Apparently a woman’s phone had been stolen, and she had hired the witch to find the phone and the thief. The witch had a magic circle with various potions, a mirror, a rooster, and a set of sticks in the middle. She then used the sticks to locate the thief. Before this could begin though, the sticks had to be tested. Someone hides a small coin (100 Leones), and the witch uses the sticks to find it. She was successful in doing this, which indicated that she would be able to find the thief. She then used the sticks to locate the thief. I wish I could have taken a photo or video of this process, but I didn’t have the camera with me. Basically she holds the sticks and shakes them, and the sticks seem to lead her around various places. Of course she is followed by at least 50 children and a handful of adults to see what is going on. More adults wait by the circle for her to come back with the thief.

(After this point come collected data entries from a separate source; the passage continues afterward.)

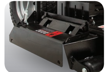
OCDC – Open and close the discharge chute on command.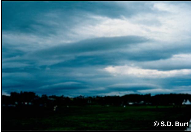
Figure 14. Stratocumulus lenticularis .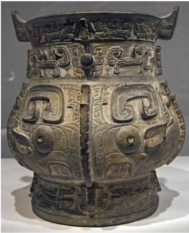
Fig. 15 (above). Bronze you (wine vessel), 11 th century BCE (Western Zhou period). Seattle Art Museum, Eugene Fuller Memorial Collection, 56.33.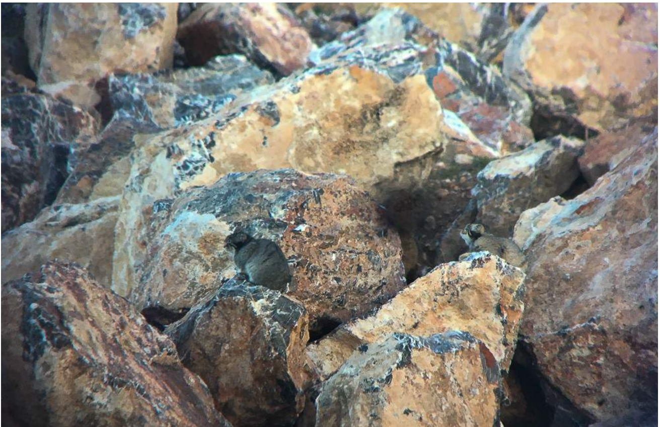
Two Pallas's cats , left and right (I didn't see the rightest one at first)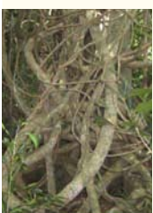
Samson's sinew Milletia australis

While the entire wild population of this plant is confined to Phillip Island, thanks to widespread plantings it is now well distributed throughout Norfolk Island. Its beautiful flowers are cream to light green with a dark magenta centre when they first open. The flowers then redden as they age.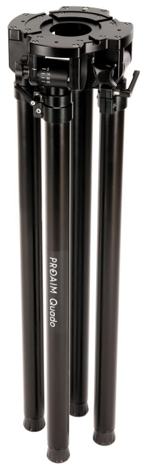
Quado 4-Leg Mitchell Camera Tripod Stand

Please inspect the contents of your shipped package to ensure you have received everything that is listed below.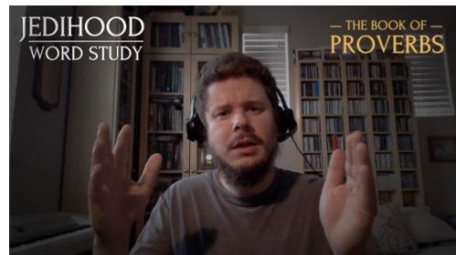
The Book of Proverbs — Study Series (9/2020 – 2/2021)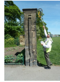
Measuring the North Entrance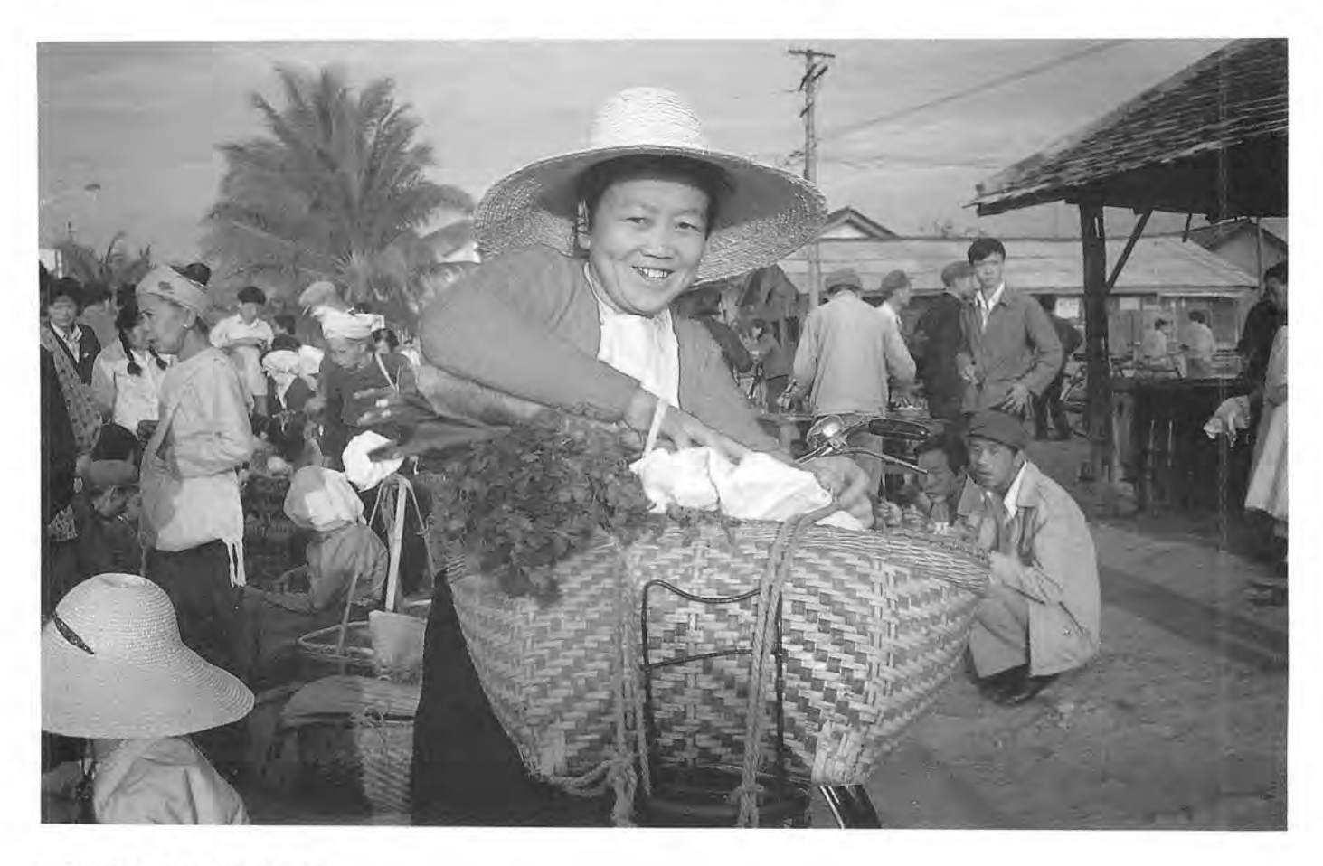
A Tai vegetable vendor with typical baskets in Xishuangbanna.

tions. This shows that the entrenched domination of the House of Duan in Dali ended indeed in "migration" — not in migration to the south, but in migration to the north.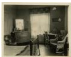
Room in Reid Hall (MS 0061-24-19-010)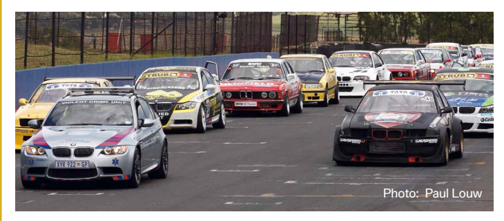
BMW Track Day

the Italian V8 Superstars, it definitely meets the necessary FIA safety standards. Should you get it horribly wrong, though, you'll be sure to bend some metal.

Eventually she identified the thief’s house and his name. It was a teenage boy, about 15 perhaps, but he wasn’t home. So then she used the sticks to find him (he was apparently off doing something in the bush). He was brought back to the circle. However, he denied that he had stolen the phone. A couple of possible witnesses were also brought forward but he still denied that he was the thief. In the end, because he refused to admit it, nothing more happened. I was told that normally if the person admits their crime, they return the property and the witch is paid a fee by whoever hired here. The offender is also fined. However, if the person denies it, the witch then usually produces the stolen property as proof that they are indeed guilty. In this case though, the witch refused to produce the phone unless she was paid 200,000 Leones (a huge sum of money here).

Anyways, it all seemed a bit confusing to me as I didn’t quite understand who paid what to who and why. It was very interesting to see in action though, and many other people in the village turned out to watch as well.